In human anatomy, the extensor indicis (proprius) is a narrow, elongated skeletal muscle in the deep layer of the dorsal forearm, placed medial to, and parallel with, the extensor pollicis longus. Its tendon goes to the index finger, which it extends.

==Structure==
It arises from the distal third of the dorsal part of the body of the ulna and from the interosseous membrane. It runs through the fourth tendon compartment together with the extensor digitorum, from where it projects into the dorsal aponeurosis of the index finger.

Opposite the head of the second metacarpal bone, it joins the ulnar side of the tendon of the extensor digitorum which belongs to the index finger.

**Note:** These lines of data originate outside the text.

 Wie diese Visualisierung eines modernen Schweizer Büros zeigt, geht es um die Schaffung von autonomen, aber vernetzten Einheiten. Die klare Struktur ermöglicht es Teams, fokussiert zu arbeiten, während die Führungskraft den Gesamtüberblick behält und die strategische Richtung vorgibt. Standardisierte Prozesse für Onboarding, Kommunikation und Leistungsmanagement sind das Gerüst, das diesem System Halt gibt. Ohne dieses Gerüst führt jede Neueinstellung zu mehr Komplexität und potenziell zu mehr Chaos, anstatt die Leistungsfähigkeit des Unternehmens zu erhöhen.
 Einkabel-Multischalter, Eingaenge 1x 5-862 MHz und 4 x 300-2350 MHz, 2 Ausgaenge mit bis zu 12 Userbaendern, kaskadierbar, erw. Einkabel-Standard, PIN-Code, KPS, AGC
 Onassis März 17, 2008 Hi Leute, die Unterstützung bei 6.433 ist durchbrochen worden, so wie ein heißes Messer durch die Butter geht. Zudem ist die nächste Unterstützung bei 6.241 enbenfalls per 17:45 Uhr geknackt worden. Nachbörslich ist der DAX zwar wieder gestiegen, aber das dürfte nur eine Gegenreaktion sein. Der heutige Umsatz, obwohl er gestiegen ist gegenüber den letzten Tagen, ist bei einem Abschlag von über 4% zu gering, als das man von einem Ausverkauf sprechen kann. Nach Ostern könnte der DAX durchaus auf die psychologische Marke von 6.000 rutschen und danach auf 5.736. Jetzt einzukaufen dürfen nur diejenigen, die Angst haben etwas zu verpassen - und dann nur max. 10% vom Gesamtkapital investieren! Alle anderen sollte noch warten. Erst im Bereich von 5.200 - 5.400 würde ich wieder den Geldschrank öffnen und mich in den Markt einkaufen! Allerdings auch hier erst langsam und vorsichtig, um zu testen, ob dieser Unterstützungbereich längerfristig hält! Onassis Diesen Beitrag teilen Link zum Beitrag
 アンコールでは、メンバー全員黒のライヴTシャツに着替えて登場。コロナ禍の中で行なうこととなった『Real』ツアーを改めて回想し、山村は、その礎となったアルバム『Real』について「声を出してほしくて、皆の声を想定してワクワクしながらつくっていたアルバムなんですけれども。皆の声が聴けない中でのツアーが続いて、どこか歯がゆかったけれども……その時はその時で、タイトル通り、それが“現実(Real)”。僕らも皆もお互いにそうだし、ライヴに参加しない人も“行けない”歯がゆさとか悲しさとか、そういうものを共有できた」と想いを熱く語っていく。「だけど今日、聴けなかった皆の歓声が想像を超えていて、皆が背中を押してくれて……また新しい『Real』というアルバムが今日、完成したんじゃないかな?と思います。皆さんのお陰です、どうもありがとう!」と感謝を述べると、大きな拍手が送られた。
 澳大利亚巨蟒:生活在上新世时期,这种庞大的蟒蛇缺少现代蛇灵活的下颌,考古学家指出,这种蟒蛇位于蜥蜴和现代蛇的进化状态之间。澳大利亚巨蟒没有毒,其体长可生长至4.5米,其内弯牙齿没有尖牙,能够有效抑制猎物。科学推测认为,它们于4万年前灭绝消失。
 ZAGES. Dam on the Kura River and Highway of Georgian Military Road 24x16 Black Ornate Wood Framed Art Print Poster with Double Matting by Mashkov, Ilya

Like the extensor digiti minimi (i.e. the extensor of the little finger), the tendon of the extensor indicis runs and inserts on the ulnar side of the tendon of the common extensor digitorum. The extensor indicis lacks the juncturae tendinum interlinking the tendons of the extensor digitorum on the dorsal side of the hand.

=== Variation ===
The extensor indicis proprius does not show much variation. It exists as a single tendon most of the time. Double tendons of the extensor indicis proprius was also reported.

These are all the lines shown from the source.